Four features of the Assistant API you aren't using - but should

Last month, we announced Pinecone Assistant had been released for public preview. Pinecone Assistant simplifies complex tasks like data chunking, vector search, embedding, and querying while ensuring privacy and security.

Today, let’s take a look at some key improvements we made to the Assistant API:

Chat API - a new feature that gives developers precise control over how citations and references appear in chat responses.
Assistant instructions - allows you to provide custom instructions to the assistant, tailoring its behavior and responses to specific use cases or requirements.
Metadata filtering - allows you to filter the assistant’s response based on the metadata associated with each ingested file.
Evaluation API - a tool for assessing the accuracy and completeness of responses generated by the Assistant, enabling you to measure performance and improve your system.

Let’s explore the details of this update and how it can enhance your application.

Chat API

Pinecone’s original Assistant was designed to align with OpenAI’s Chat Completion API, offering a familiar structure for developers to integrate chat features into their apps quickly. While this was sufficient for many use cases, some developers needed more control—especially when handling citations and references. This is why we introduced the Chat API.

The Chat API enhances the original setup, providing developers with powerful building blocks for seamless application integration. This API offers structured citations and flexible referencing options, allowing builders to create more customizable and feature-rich solutions.

The Chat API supports both streaming and batch modes. In streaming mode, citations can be presented alongside chat responses in real time or added to the final output, depending on what works best for your product (more on this later in this post).

Citations

The Chat API returns citations as structured objects with rich metadata, including file names, URLs, timestamps, and specific pages or highlighted text. This approach offers flexibility in displaying citations, allowing you to customize how they're presented to users. You can include citations within the chat text or manage them separately, adapting to your specific product needs.
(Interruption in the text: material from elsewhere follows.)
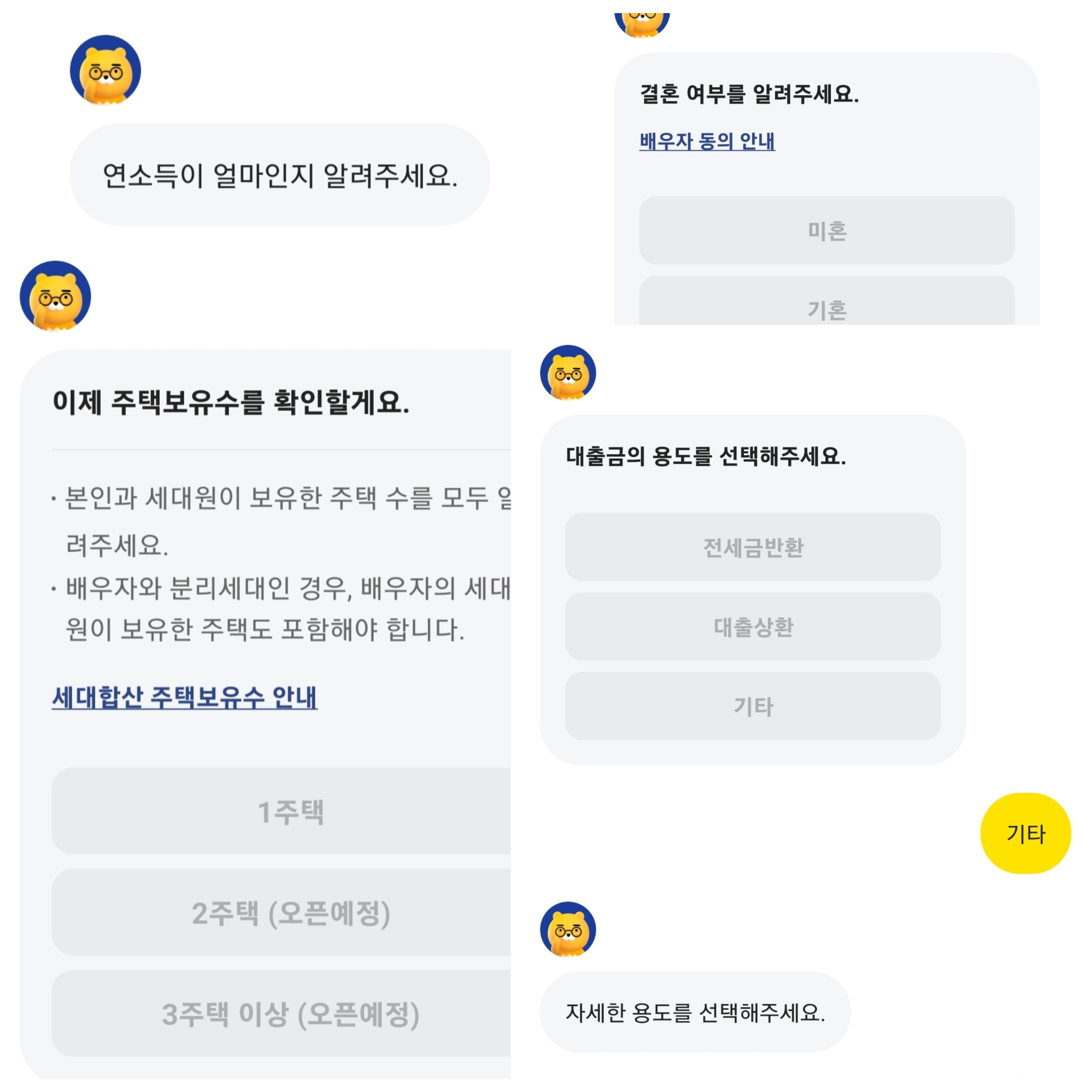 4. 연소득, 결혼유무, 보유주택수, 대출금 용도(생활안정자금대출의 경우는 기타 선택), 상세용도를 입력합니다.

Here's how you can benefit from this added control:

Custom Citation Display: Place citations in footnotes, sidebars, or any format that complements your design rather than embedding them directly in the text.
Enhanced Transparency: Display citations alongside direct links to source material for applications where trust is crucial.
Privacy and Security: Manage the inclusion of URLs or sensitive file information in citations to maintain privacy while still referencing necessary content.
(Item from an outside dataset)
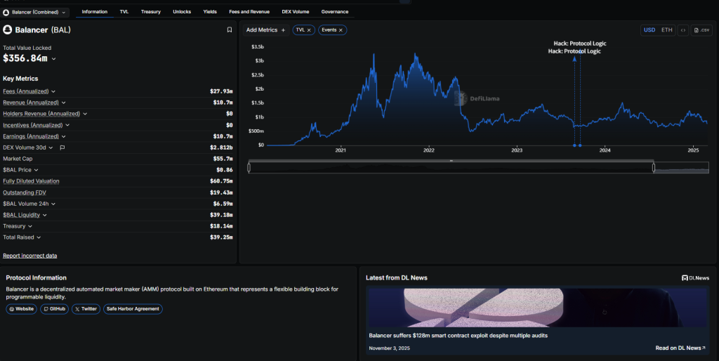 밸런서 TVL이 1B 정도 되는 대형급 DEX 임에도 25.11.03 해킹 공격을 당한 다소 충격적인 사례입니다.
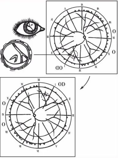 因雙目間接檢眼鏡特殊的光學(xué)原理,經(jīng)過目鏡、物鏡的兩次成像,在檢查者與物鏡之間形成一倒置放大的像。這是學(xué)習(xí)雙目間接檢眼鏡時遇到的最大困難。處理倒像的方法是:①檢查者在心中矯正這個倒像;②按呈現(xiàn)在聚光透鏡上的圖像畫在倒置的眼底圖紙上,檢查結(jié)束時將倒置的圖放正,就可展現(xiàn)實際眼底的立體關(guān)系(圖4)。也就是說檢查周邊部眼底時,準(zhǔn)備檢查某個方位,就讓被檢眼向某個方向注視,轉(zhuǎn)動眼球,檢查者站在其對側(cè),檢眼鏡所見的眼底即為該方向的眼底,簡言之,想看何處,就讓被檢眼向何方向轉(zhuǎn)動,即可看到何處。這種檢查方法初學(xué)者開始不很適應(yīng),如按照檢查方法操作及繪圖,堅持使用,即可較快地掌握。

Let’s take a deeper look at how citations can be used. Assuming we uploaded this From 10-k filing to our assistant, consider the following request:

{
  "messages": [
    {
      "role": "user",
      "content": "As of December 31, 2015, how many employees Netflix had?"
    }
  ],
  "streaming": false,
}

A Chat API response with citations will look like the following:

{
    "citations": [
        {
            "position": 72,
            "references": [
                {
                    "file": {
                        "id": "c37051e5-ae5f-44f0-8b26-9933c6fbfd97",
                        "name": "netflix-10k.pdf",
                        "created_on": "2024-10-09T19:42:05.275496690Z",
                        "updated_on": "2024-10-09T19:42:29.368229213Z",
                        "status": "Available",
                        "size": 578489.0,
                        "metadata": null,
                        "percent_done": 1.0,
                        "signed_url": "https://storage.googleapis.com/knowledge-prod-files/afc65f18-8844-484e-8b20-018e19f34d6d%2F9778d91f-cfe2-427b-9cbf-6f75ac7bd948%2Fc37051e5-ae5f-44f0-8b26-9933c6fbfd97.pdf[...]"
                    },
                    "pages": [
                        4
                    ]
                }
            ]
        }
    ],
    "finish_reason": "stop",
    "id": "00000000000000007bf29ae4da6a48c1",
    "message": {
        "content": "As of December 31, 2015, Netflix had approximately 3,700 total employees.",
        "role": "\"assistant\""
    },
    "model": "gpt-4o-2024-05-13",
    "usage": {
        "completion_tokens": 29,
        "prompt_tokens": 14452,
        "total_tokens": 14481
    }
}

The answer we get is:

As of December 31, 2015, Netflix had approximately 3,700 total employees.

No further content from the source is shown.